Thread Subject: fitting a Gamma cdf to my data

Subject: fitting a Gamma cdf to my data

From: Mohammad Monfared

Date: 7 Oct, 2008 19:46:01

Message: 1 of 4

I'm interested in fitting a Gamma cdf to my data which looks like:
particle_size=[2 50 ... 2000]
particle_fraction=[0.08 0.2 ... 1]

how can I do this jos?
thanks,
Reza

Subject: fitting a Gamma cdf to my data

From: Tom Lane

Date: 8 Oct, 2008 19:49:24

Message: 2 of 4

> I'm interested in fitting a Gamma cdf to my data which looks like:
> particle_size=[2 50 ... 2000]
> particle_fraction=[0.08 0.2 ... 1]

 Reza, the following demo contains a section showing one way to fit a gamma
distribution:

http://www.mathworks.com/products/statistics/demos.html?file=/products/demos/shipping/stats/cdffitdemo.html

The point of this demo is to offer an alternative to maximum likelihood
estimation, especially in cases where mle doesn't work.

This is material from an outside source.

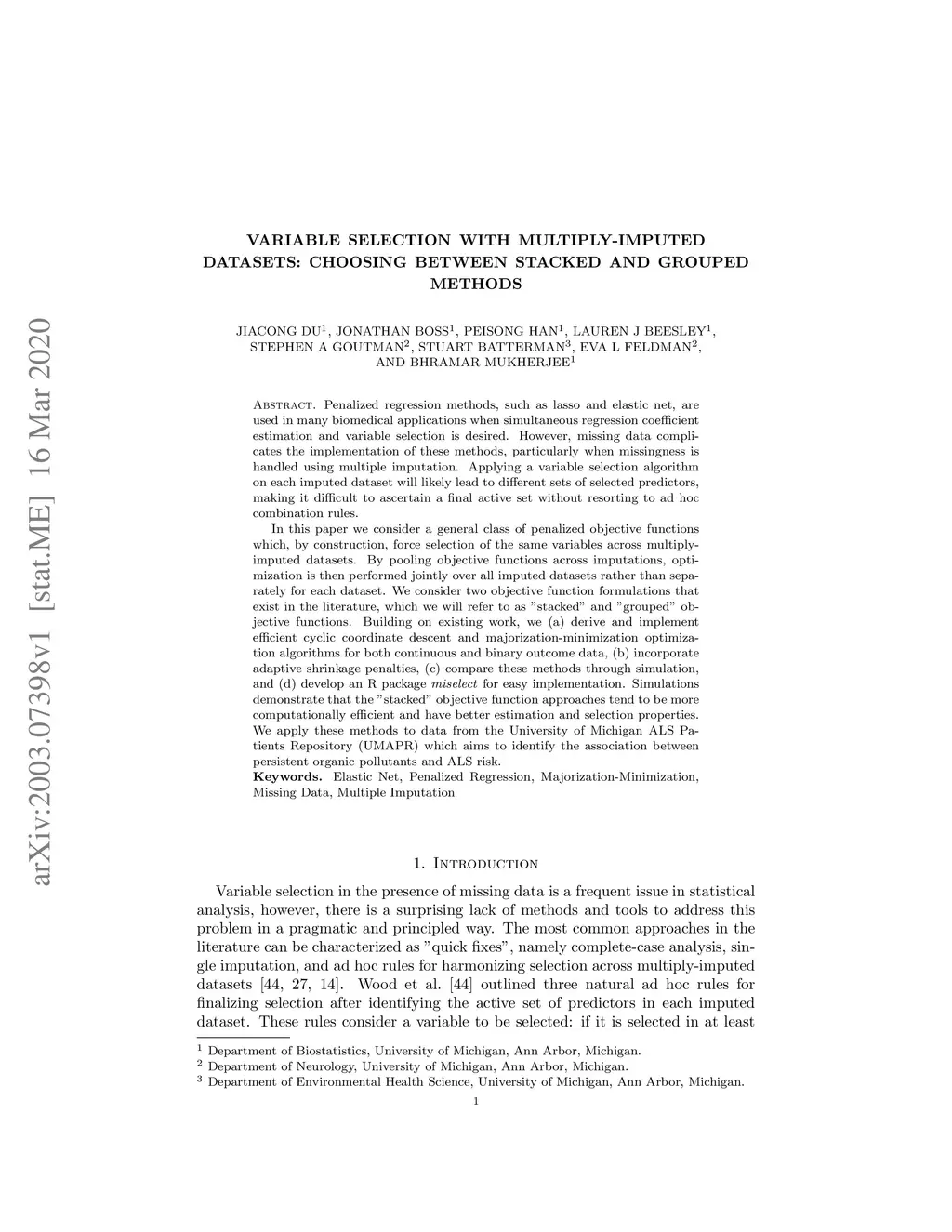 Penalized regression methods, such as lasso and elastic net, are used in many biomedical applications when simultaneous regression coefficient estimation and variable selection is desired. However, missing data complicates the implementation of these methods, particularly when missingness is handled using multiple imputation. Applying a variable selection algorithm on each imputed dataset will likely lead to different sets of selected predictors, making it difficult to ascertain a final active set without resorting to ad hoc combination rules. In this paper we consider a general class of penalized objective functions which, by construction, force selection of the same variables across multiply-imputed datasets. By pooling objective functions across imputations, optimization is then performed jointly over all imputed datasets rather than separately for each dataset. We consider two objective function formulations that exist in the literature, which we will refer to as "stacked" and "grouped" objective functions. Building on existing work, we (a) derive and implement efficient cyclic coordinate descent and majorization-minimization optimization algorithms for both continuous and binary outcome data, (b) incorporate adaptive shrinkage penalties, (c) compare these methods through simulation, and (d) develop an R package miselect for easy implementation. Simulations demonstrate that the "stacked" objective function approaches tend to be more computationally efficient and have better estimation and selection properties. We apply these methods to data from the University of Michigan ALS Patients Repository (UMAPR) which aims to identify the association between persistent organic pollutants and ALS risk.
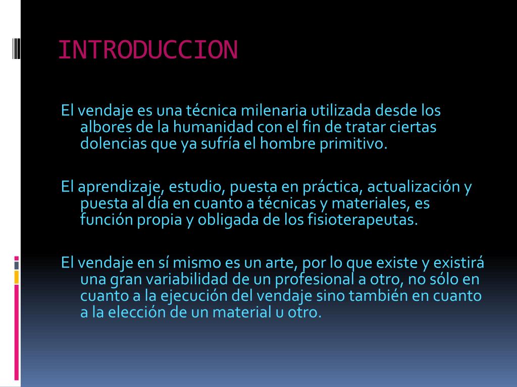 INTRODUCCION El vendaje es una técnica milenaria utilizada desde los albores de la humanidad con el fin de tratar ciertas dolencias que ya sufría el hombre primitivo. El aprendizaje, estudio, puesta en práctica, actualización y puesta al día en cuanto a técnicas y materiales, es función propia y obligada de los fisioterapeutas. El vendaje en sí mismo es un arte, por lo que existe y existirá una gran variabilidad de un profesional a otro, no sólo en cuanto a la ejecución del vendaje sino también en cuanto a la elección de un material u otro.

If the variables you describe above are just a summary of some other data,
and if you can get at that other data, I recommend you do that instead.
Then you can use gamfit to get the maximum likelihood estimates.

Even if you can't get raw data, you could maximize the likelihood based on
this summary data. Here's an example, where I generate some gamma data but
retain only bin centers and cumulative frequencies. I can use fminsearch to
mimimize the negative log likelihood weighted by the frequencies. The blue
things are the raw data and a fit based on them, the red things are the
binned data and a fit based on the bin frequencies.

% Raw data with fit
x = gamrnd(2,100,100,1);
p1 = gamfit(x)

% Summary data with fit
[n,c] = hist(x); % c = rounded data
F = cumsum(n/sum(n)); % F = cumulative proportions
f = diff([0,F]); % f = proportions
p2 = fminsearch(@(ab) -sum(f.*log(gampdf(c,ab(1),ab(2)))),[1,mean(c)])

% How does it look?
ecdf(x); line(xx,gamcdf(xx,p1(1),p1(2)),'linestyle',':')
hold on; set(stairs(c,F),'color','r'); hold off
line(xx,gamcdf(xx,p2(1),p2(2)),'color','r','linestyle',':')

This doesn't give you any measures of uncertainty for the estimates. But
I'm not sure how I'd compute those anyway, given that you don't seem to have
a notion of a "sample size" in your example.

-- Tom

Subject: fitting a Gamma cdf to my data

From: aasim Azooz

Date: 9 Oct, 2008 13:53:14

Message: 3 of 4

"Mohammad Monfared" <gohardoust@gmail.com> wrote in message <gcge9p$sfv$1@fred.mathworks.com>...
> I'm interested in fitting a Gamma cdf to my data which looks like:
> particle_size=[2 50 ... 2000]
> particle_fraction=[0.08 0.2 ... 1]
>
> how can I do this jos?
> thanks,
> Reza

Dear Reza
Can you tell me what do you mean by cdf? is it a Gamma function of some type I may help you
Aasim Azooz

Subject: fitting a Gamma cdf to my data

From: Mohammad Monfared

Date: 9 Oct, 2008 21:33:01

Message: 4 of 4

"aasim Azooz" <aasimazooz@yahoo.com> wrote in message <gcl2c9$i8$1@fred.mathworks.com>...
>
> Dear Reza
> Can you tell me what do you mean by cdf? is it a Gamma function of some type I may help you
> Aasim Azooz

Hi,
cdf is for Cumulative Density Function.
my data are about soil particle size and their fraction in a sample. for a soil sample, I have:

p_size=[2 50 106 250 500 1000 2000]
p_fraction=[0.0300 0.1700 0.2790 0.7350 0.9210 0.9940 1.0020]

which says e.g. 27.90% of our soil particles size is less than 106. I don't know how to prepare them for 'gamfit' function (if possible).
as a graph:
stairs([0 p_size],[p_fraction 1.0020])

And thanks Tom, for your explanatory answer!